In Access Network Info Response messages, the ANDSF provides two types of information: an inter-system mobility policy and access network discovery information.
With an inter-system mobility policy, an operator, or any other organization maintaining an ANDSF server, can affect which networks UEs are using.
For example, an inter-system mobility policy may contain a prioritized network list that advises the UE about a priority order an which it can consider access networks during the access network selection process. The inter-system mobility policies received from the ANDSF take precedence over those statically provisioned in the UE.
The UE can be configured in automatic or manual mode. In automatic mode, the UE may, at its discretion, accept policies and execute changes of access networks according to the received policies. In manual mode, the consent of the user is required prior to accepting a policy and executing it.
In the above known system, policies sent by the ANDSF are merely advice for selecting by the UE an access network, for example in case of roaming or handover.
Access network discovery information is intended to help the UE to discover networks in its neighbourhood. For example, the access network discovery information may contain information on the network type, network ID, used radio frequency and channel. With this information, the UE may perform a network scan (i.e. discovery) more efficiently, since it does not need to go through all the possible access network technologies and frequency bands. By nature, the access network discovery information may be tied to a specific location and is also more short-lived than network selection information.
The ANDSF implements the S14 interface towards the User Equipment (UE). The interface is used to provide information on access networks available in the vicinity of the UE and information on operator's preference on these access networks. The S14 interface is implemented with OMA Device Management V1.2, OMA-ERELD-DM-V1—2—1, WAP Push OMA Push Architecture V2.3, OMA-AD-Push-V2—3-20091013-C, and a security mechanism that includes OMA DM bootstrap, secure HTTPS, IETF RFC 2616: Hypertext Transfer Protocol-HTTP/1.1, or GAA bootstrap, 3GPP TS 33.919: Generic Authentication Architecture (GAA); System description.
The information provided by the ANDSF is structured in a so-called OMA DM Managed Object, MO, according to what is specified in 3GPP TS 24.312, “Access Network Discovery and Selection Function (ANDSF) Management Object (MO).

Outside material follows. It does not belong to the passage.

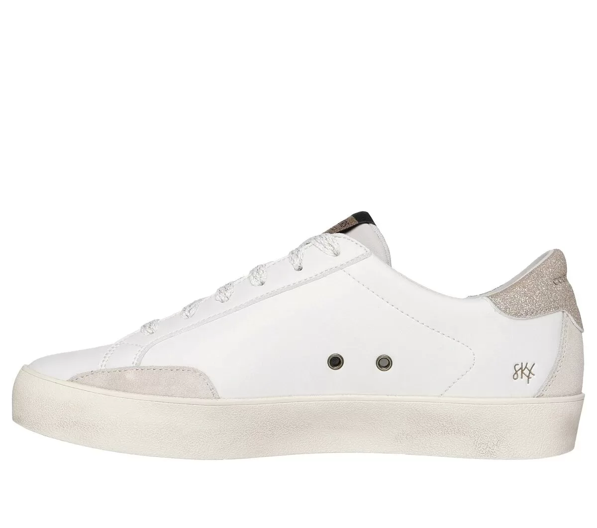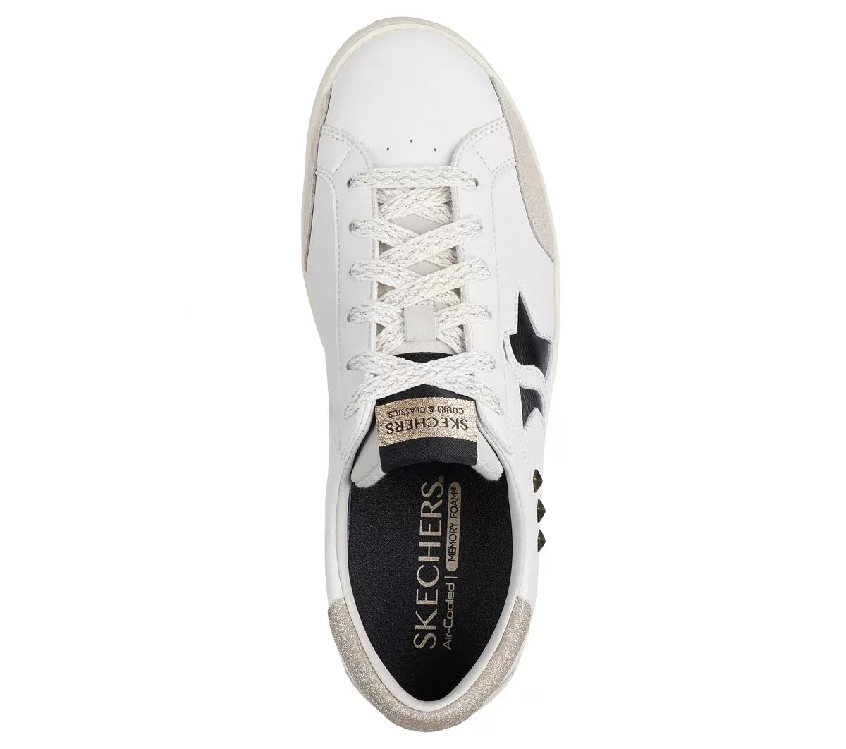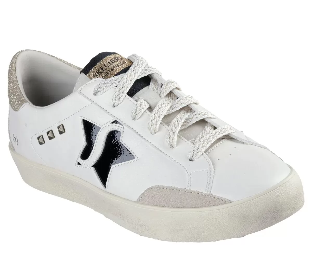 Find your star power style with uncompromising comfort wearing Skechers Strand Star – Pretty Vintage. This low-top fashion lace-up features a duraleather and suede overlay upper with star and stud quarter details, a Skechers Air-Cooled Memory Foam® cushioned insole, and court-style midsole with hidden heel wedge.

The UE and ANDSF 814 interface supports both a pull and a push mode. In pull mode the UE initiates the communication to retrieve the data. In push mode the ANDSF initiates the communication to send data to the UE.
In order for the UE to receive information from the ANDSF, the UE has to have IP connectivity and to have discovered the ANDSF. If the ANDSF needs to push data and the UE does not have IP connectivity, or has not discovered the ANDSF, the ANDSF can use WAP push to force the UE to trigger the process.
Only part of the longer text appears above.